▶ [ACTIVITY]:
Everything from the line containing "本刀采用进口VG-10大马士" through the line containing "وسوف يلاحظ محبو" should be repeated exactly, and nothing else from the data.

** ENTRIES PROVIDED follows **

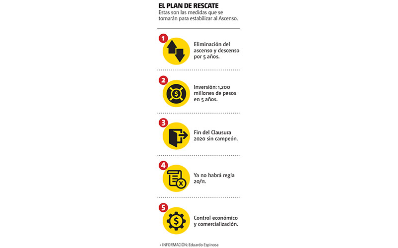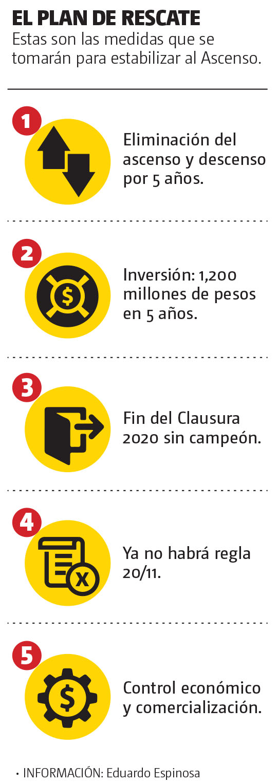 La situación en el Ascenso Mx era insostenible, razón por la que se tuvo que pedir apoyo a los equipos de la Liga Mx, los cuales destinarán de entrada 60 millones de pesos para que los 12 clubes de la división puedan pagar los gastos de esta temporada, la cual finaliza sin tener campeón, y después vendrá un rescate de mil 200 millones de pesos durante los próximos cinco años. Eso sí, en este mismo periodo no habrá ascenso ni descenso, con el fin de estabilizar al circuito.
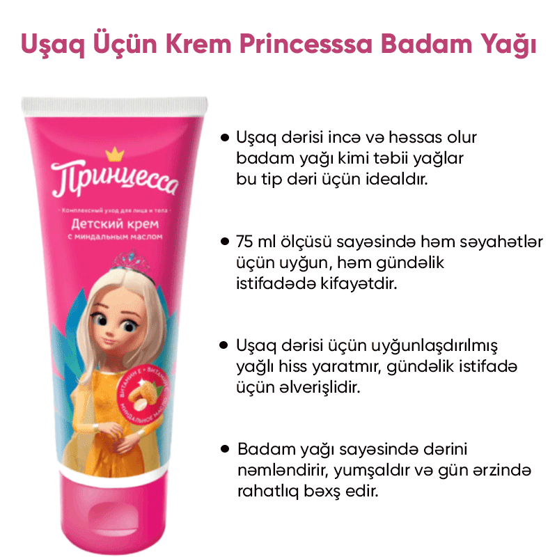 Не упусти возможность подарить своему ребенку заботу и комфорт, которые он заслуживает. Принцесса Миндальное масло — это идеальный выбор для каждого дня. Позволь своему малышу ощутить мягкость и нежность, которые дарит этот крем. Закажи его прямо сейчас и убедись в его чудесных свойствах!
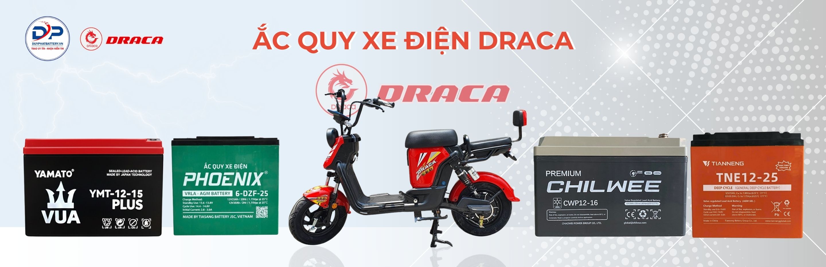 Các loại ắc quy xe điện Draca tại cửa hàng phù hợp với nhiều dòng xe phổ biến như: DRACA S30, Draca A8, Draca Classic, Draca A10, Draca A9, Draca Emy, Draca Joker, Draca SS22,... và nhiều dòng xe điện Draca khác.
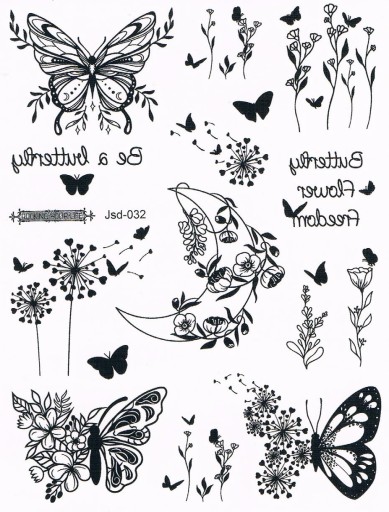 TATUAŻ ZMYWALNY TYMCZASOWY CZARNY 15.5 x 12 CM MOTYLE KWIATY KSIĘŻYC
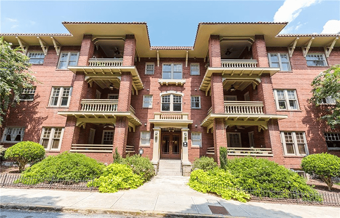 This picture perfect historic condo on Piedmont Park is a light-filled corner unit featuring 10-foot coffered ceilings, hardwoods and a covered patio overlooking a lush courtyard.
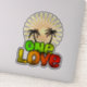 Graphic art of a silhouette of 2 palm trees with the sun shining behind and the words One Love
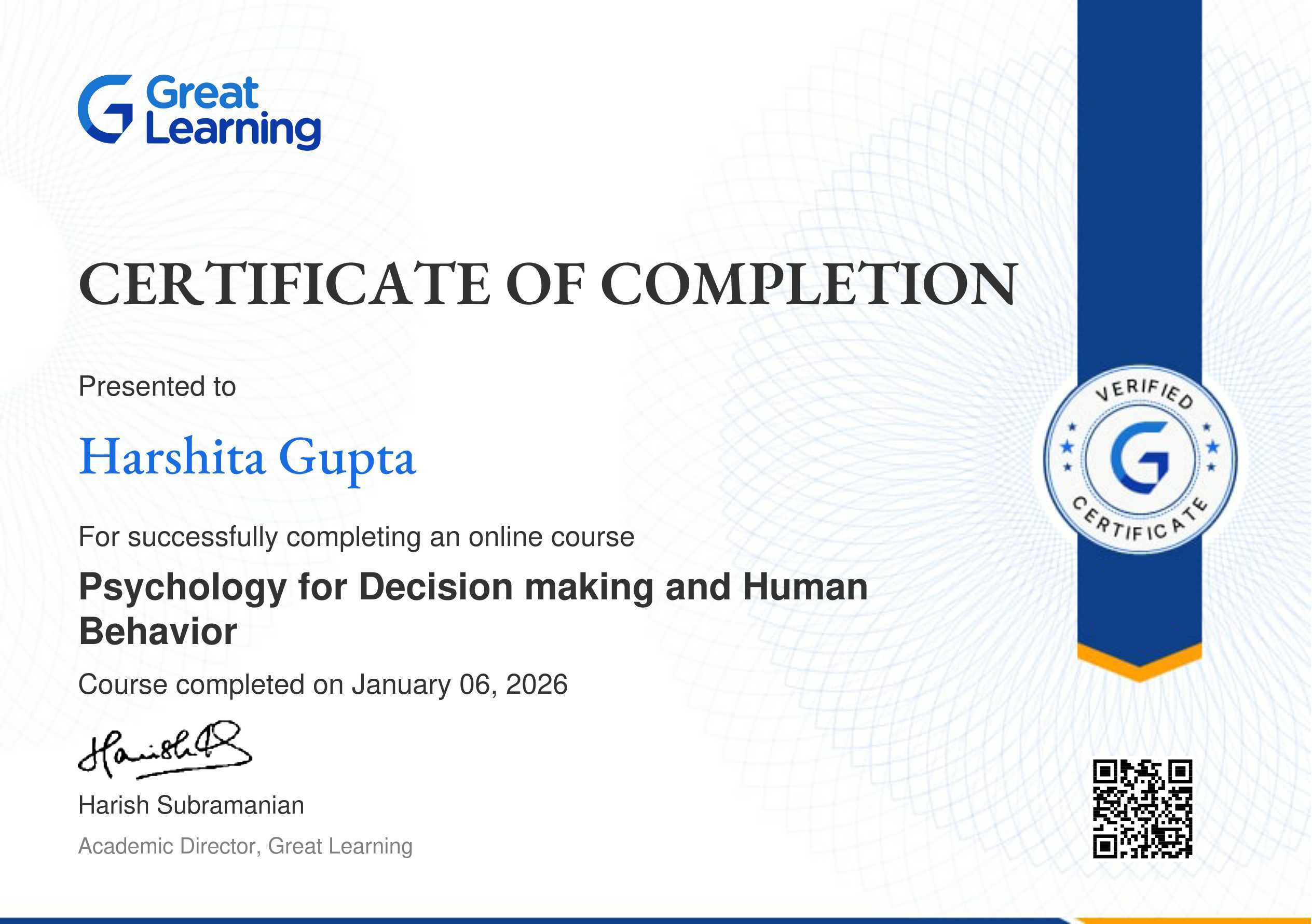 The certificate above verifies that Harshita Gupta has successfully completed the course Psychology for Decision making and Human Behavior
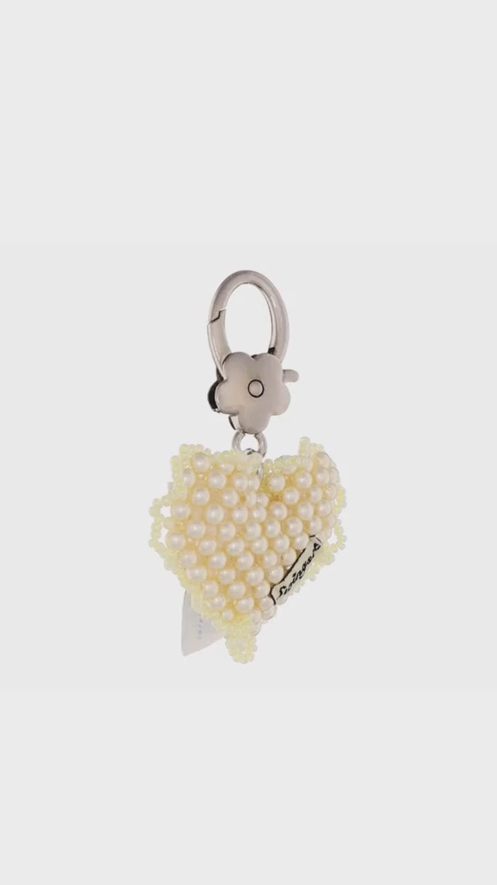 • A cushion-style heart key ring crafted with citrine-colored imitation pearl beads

** End of ENTRIES PROVIDED **
** ENTRIES PROVIDED follows **

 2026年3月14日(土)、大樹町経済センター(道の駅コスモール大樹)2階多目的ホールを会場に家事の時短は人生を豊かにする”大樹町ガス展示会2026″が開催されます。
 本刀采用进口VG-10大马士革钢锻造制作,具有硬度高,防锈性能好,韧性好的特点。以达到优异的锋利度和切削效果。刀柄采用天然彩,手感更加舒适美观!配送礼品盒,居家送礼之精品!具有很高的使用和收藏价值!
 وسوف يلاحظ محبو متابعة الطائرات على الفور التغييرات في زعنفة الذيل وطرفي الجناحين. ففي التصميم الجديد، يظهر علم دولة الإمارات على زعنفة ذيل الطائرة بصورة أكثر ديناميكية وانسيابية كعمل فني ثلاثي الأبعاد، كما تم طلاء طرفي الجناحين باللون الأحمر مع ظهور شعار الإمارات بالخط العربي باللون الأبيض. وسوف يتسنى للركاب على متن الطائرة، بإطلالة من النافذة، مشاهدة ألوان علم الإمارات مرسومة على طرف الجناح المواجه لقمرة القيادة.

** End of ENTRIES PROVIDED **

▶ [RESULT BELOW]:
 本刀采用进口VG-10大马士革钢锻造制作,具有硬度高,防锈性能好,韧性好的特点。以达到优异的锋利度和切削效果。刀柄采用天然彩,手感更加舒适美观!配送礼品盒,居家送礼之精品!具有很高的使用和收藏价值!
 وسوف يلاحظ محبو متابعة الطائرات على الفور التغييرات في زعنفة الذيل وطرفي الجناحين. ففي التصميم الجديد، يظهر علم دولة الإمارات على زعنفة ذيل الطائرة بصورة أكثر ديناميكية وانسيابية كعمل فني ثلاثي الأبعاد، كما تم طلاء طرفي الجناحين باللون الأحمر مع ظهور شعار الإمارات بالخط العربي باللون الأبيض. وسوف يتسنى للركاب على متن الطائرة، بإطلالة من النافذة، مشاهدة ألوان علم الإمارات مرسومة على طرف الجناح المواجه لقمرة القيادة.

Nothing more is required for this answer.